§ **Exercise**
Find "Swisse有机天然高浓度螺旋藻片膳食纤维片200粒" below and begin at its line; stop after the line with "胡彦斌向香港捐款100万胡彦". Output those lines exactly, without pictures.

§ **Supplied material**

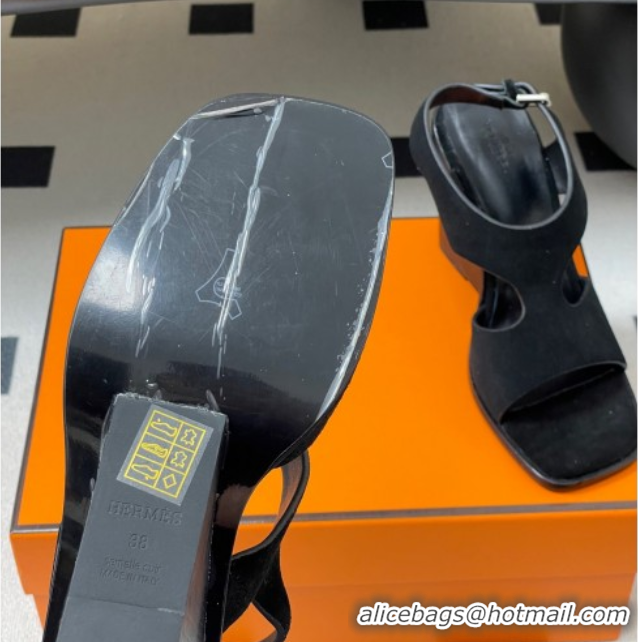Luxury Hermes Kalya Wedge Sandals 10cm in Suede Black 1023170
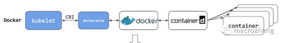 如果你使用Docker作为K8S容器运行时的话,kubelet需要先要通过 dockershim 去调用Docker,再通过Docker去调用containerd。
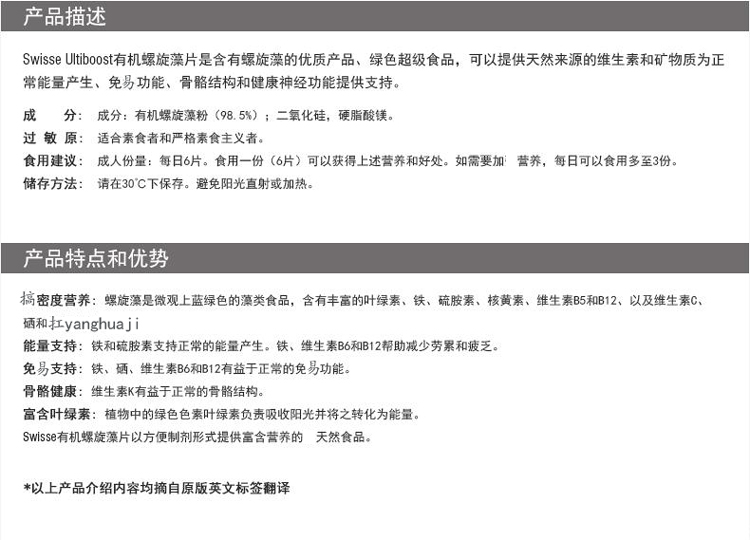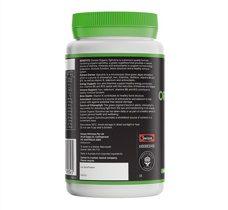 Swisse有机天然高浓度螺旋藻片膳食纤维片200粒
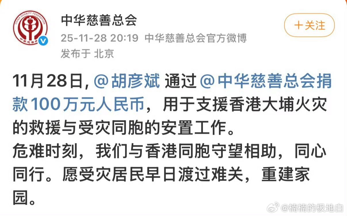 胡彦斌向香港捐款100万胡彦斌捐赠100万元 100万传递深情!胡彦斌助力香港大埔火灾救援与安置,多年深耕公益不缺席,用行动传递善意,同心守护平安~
---
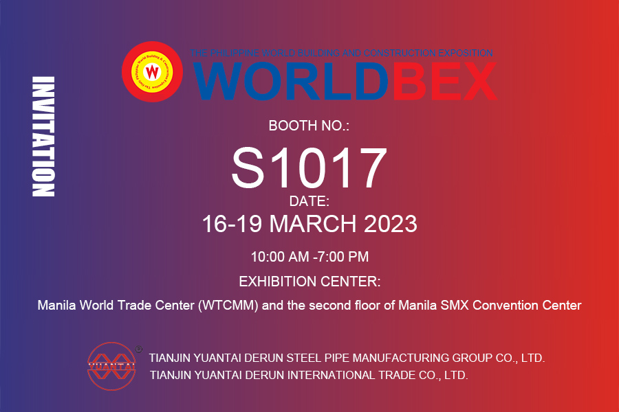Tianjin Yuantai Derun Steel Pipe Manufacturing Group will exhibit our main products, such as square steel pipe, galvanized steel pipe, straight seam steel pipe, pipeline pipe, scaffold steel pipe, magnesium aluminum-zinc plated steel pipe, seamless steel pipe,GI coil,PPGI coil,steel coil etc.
...
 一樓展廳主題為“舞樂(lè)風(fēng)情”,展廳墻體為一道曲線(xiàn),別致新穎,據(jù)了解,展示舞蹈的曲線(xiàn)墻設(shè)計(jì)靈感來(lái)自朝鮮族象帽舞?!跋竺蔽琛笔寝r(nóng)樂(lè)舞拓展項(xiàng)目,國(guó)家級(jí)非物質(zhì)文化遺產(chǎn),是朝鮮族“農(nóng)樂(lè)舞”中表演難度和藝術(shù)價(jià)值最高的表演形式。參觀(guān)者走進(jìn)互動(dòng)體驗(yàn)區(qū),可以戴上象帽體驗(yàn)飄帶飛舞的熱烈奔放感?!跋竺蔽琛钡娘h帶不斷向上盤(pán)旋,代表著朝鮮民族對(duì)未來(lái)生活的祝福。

§ **Solution to the exercise**
 Swisse有机天然高浓度螺旋藻片膳食纤维片200粒
 胡彦斌向香港捐款100万胡彦斌捐赠100万元 100万传递深情!胡彦斌助力香港大埔火灾救援与安置,多年深耕公益不缺席,用行动传递善意,同心守护平安~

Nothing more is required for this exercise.